**Work request**
Keep the images out while you set down the data exactly.

++++ Source material ++++

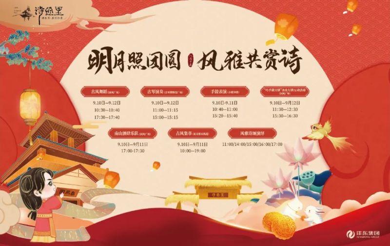 明月照团圆,风雅共赏诗。古琴演奏、古风舞蹈、风雅诗颂演绎……临近中秋佳节,诗经里小镇各项精彩活动已准备到位。观赏最靓丽的风景,品读最有韵味的诗句,更有时尚文艺新玩法,邀您一起来体验。
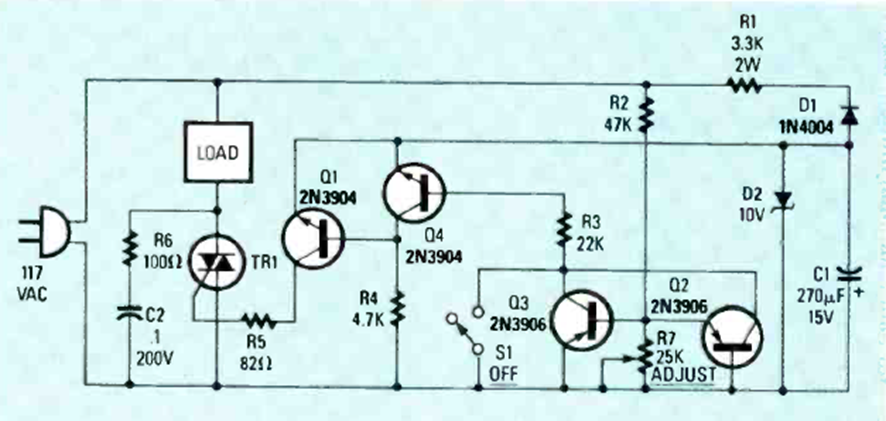 In this circuit the triac conducts when switch S1 is opened. We found it in the October 1987 Radio Electronics magazine. The triac is controlled according to the load.
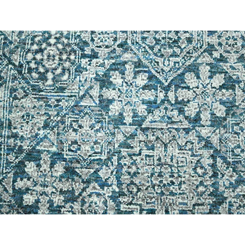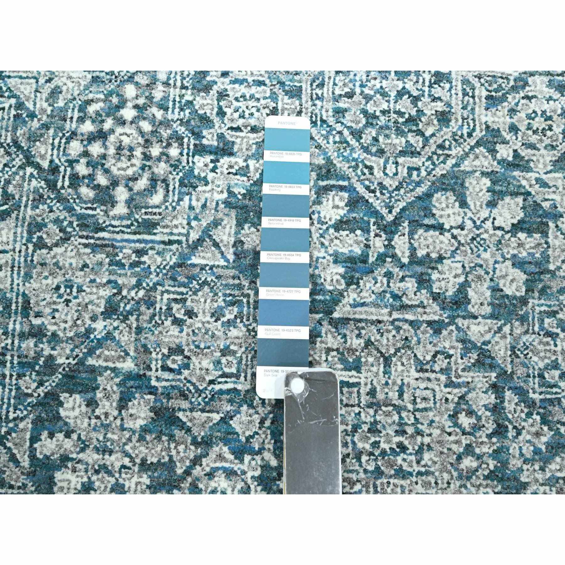 9'x12'1" Teal, Pre Historic 14th Century Influence Mamluk Design, Natural Dyes, Hand Knotted, Pure Wool, Oriental Rug FWR458520
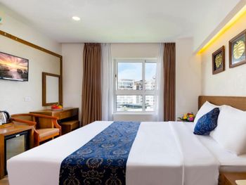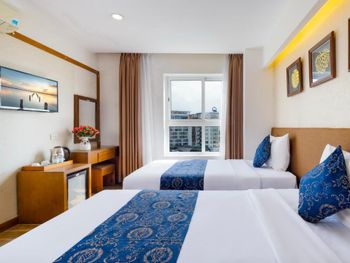 Отличный отель для экономных туристов. Расположен через дорогу от пляжа. Напротив переход. Рядом Луизиана:живая музыка,хорошая кухня. Персонал на высоте, особенно администраторы.Очень профессиональная девочка Ха. Спасибо большое! . Бассейн на 16 этаже, причём работает с 6 утра до 10 вечера! Завтраки нормальные (для Вьетнама). За 2 недели не надоели. Всё равно мы покупали всегда фрукты, соки, морепродукты.... Всё дёшево и вкусно!!!! Совет:бронируйте номер выше 7 этажа и обязательно с балконом на море!!!! Спасибо за прекрасный отдых, спасибо, милая Ха!!! 🙏

++++

**Output for this exercise**
 明月照团圆,风雅共赏诗。古琴演奏、古风舞蹈、风雅诗颂演绎……临近中秋佳节,诗经里小镇各项精彩活动已准备到位。观赏最靓丽的风景,品读最有韵味的诗句,更有时尚文艺新玩法,邀您一起来体验。
 In this circuit the triac conducts when switch S1 is opened. We found it in the October 1987 Radio Electronics magazine. The triac is controlled according to the load.
 9'x12'1" Teal, Pre Historic 14th Century Influence Mamluk Design, Natural Dyes, Hand Knotted, Pure Wool, Oriental Rug FWR458520
 Отличный отель для экономных туристов. Расположен через дорогу от пляжа. Напротив переход. Рядом Луизиана:живая музыка,хорошая кухня. Персонал на высоте, особенно администраторы.Очень профессиональная девочка Ха. Спасибо большое! . Бассейн на 16 этаже, причём работает с 6 утра до 10 вечера! Завтраки нормальные (для Вьетнама). За 2 недели не надоели. Всё равно мы покупали всегда фрукты, соки, морепродукты.... Всё дёшево и вкусно!!!! Совет:бронируйте номер выше 7 этажа и обязательно с балконом на море!!!! Спасибо за прекрасный отдых, спасибо, милая Ха!!! 🙏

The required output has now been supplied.